__EXERCISE__:
A faithful transcript of all the lines below, with no pictures, is the goal here.

*** RAW DATA Section Begins ***

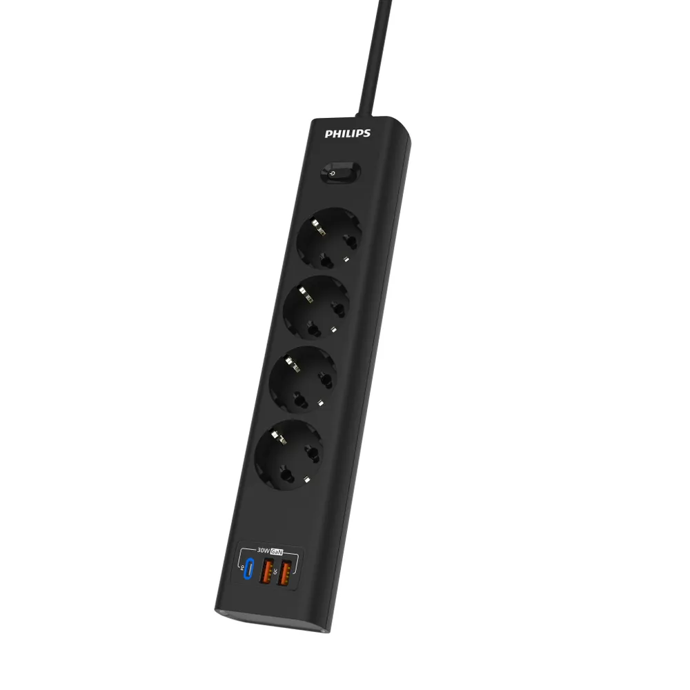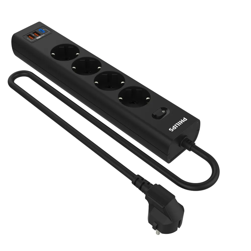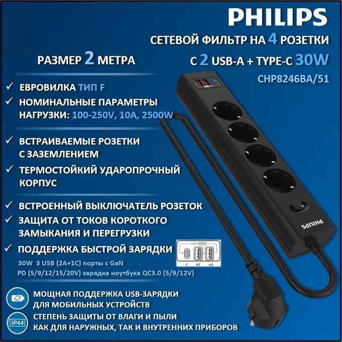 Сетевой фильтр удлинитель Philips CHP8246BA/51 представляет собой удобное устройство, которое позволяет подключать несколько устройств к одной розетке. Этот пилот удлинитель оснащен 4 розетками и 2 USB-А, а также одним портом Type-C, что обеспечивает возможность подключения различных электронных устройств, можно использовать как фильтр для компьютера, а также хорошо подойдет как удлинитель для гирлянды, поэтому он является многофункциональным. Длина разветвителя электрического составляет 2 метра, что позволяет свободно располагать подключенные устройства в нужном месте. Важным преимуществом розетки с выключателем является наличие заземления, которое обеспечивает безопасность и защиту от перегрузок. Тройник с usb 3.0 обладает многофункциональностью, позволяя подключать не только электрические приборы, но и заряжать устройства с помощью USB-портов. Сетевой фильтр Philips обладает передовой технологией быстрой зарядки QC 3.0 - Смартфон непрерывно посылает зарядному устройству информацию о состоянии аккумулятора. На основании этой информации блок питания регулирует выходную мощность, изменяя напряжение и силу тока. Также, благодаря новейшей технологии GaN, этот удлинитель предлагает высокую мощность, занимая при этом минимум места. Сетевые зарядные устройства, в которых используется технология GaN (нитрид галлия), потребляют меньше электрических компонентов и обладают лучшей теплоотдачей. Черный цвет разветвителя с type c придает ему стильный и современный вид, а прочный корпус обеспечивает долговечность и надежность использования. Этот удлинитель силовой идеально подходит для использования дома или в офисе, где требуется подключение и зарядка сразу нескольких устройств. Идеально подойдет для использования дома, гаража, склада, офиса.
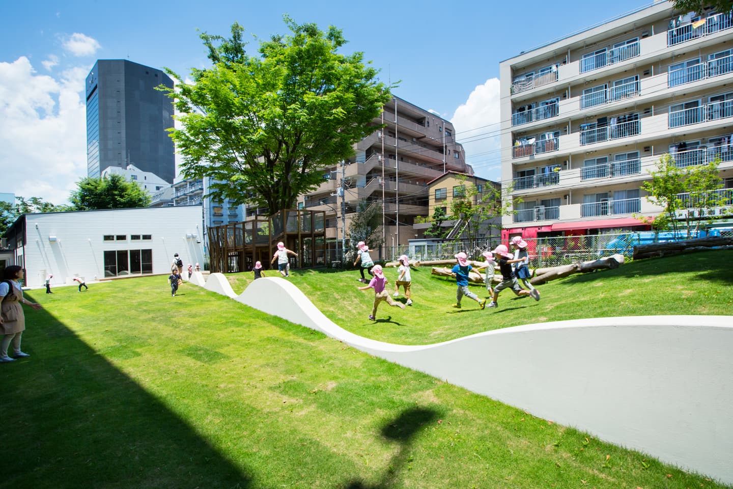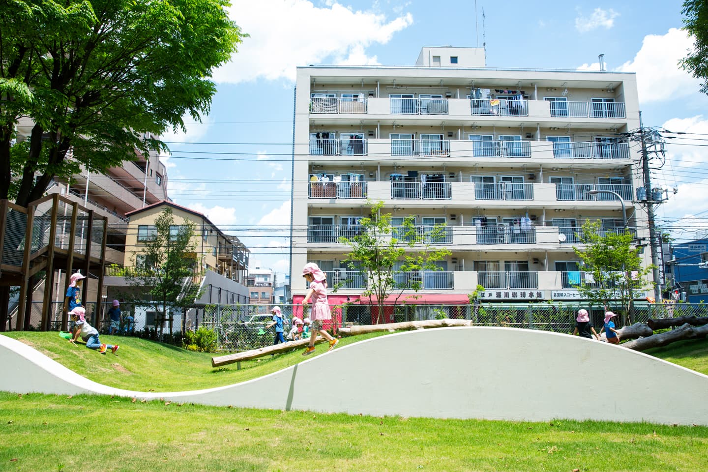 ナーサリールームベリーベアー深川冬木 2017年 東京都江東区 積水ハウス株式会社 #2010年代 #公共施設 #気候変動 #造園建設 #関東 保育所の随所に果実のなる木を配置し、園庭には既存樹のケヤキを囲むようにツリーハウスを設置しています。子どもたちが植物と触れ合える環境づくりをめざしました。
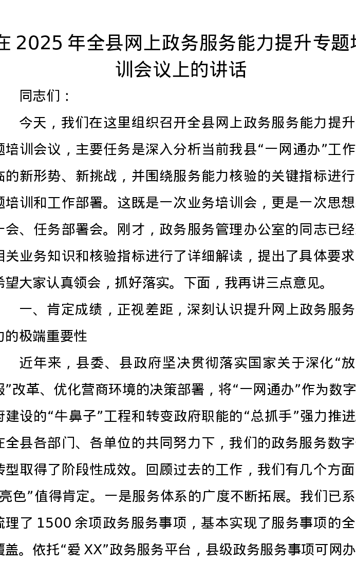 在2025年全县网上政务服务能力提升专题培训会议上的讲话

*** RAW DATA Section Ends ***

__EXPECTED ANSWER__:
 Сетевой фильтр удлинитель Philips CHP8246BA/51 представляет собой удобное устройство, которое позволяет подключать несколько устройств к одной розетке. Этот пилот удлинитель оснащен 4 розетками и 2 USB-А, а также одним портом Type-C, что обеспечивает возможность подключения различных электронных устройств, можно использовать как фильтр для компьютера, а также хорошо подойдет как удлинитель для гирлянды, поэтому он является многофункциональным. Длина разветвителя электрического составляет 2 метра, что позволяет свободно располагать подключенные устройства в нужном месте. Важным преимуществом розетки с выключателем является наличие заземления, которое обеспечивает безопасность и защиту от перегрузок. Тройник с usb 3.0 обладает многофункциональностью, позволяя подключать не только электрические приборы, но и заряжать устройства с помощью USB-портов. Сетевой фильтр Philips обладает передовой технологией быстрой зарядки QC 3.0 - Смартфон непрерывно посылает зарядному устройству информацию о состоянии аккумулятора. На основании этой информации блок питания регулирует выходную мощность, изменяя напряжение и силу тока. Также, благодаря новейшей технологии GaN, этот удлинитель предлагает высокую мощность, занимая при этом минимум места. Сетевые зарядные устройства, в которых используется технология GaN (нитрид галлия), потребляют меньше электрических компонентов и обладают лучшей теплоотдачей. Черный цвет разветвителя с type c придает ему стильный и современный вид, а прочный корпус обеспечивает долговечность и надежность использования. Этот удлинитель силовой идеально подходит для использования дома или в офисе, где требуется подключение и зарядка сразу нескольких устройств. Идеально подойдет для использования дома, гаража, склада, офиса.
 ナーサリールームベリーベアー深川冬木 2017年 東京都江東区 積水ハウス株式会社 #2010年代 #公共施設 #気候変動 #造園建設 #関東 保育所の随所に果実のなる木を配置し、園庭には既存樹のケヤキを囲むようにツリーハウスを設置しています。子どもたちが植物と触れ合える環境づくりをめざしました。
 在2025年全县网上政务服务能力提升专题培训会议上的讲话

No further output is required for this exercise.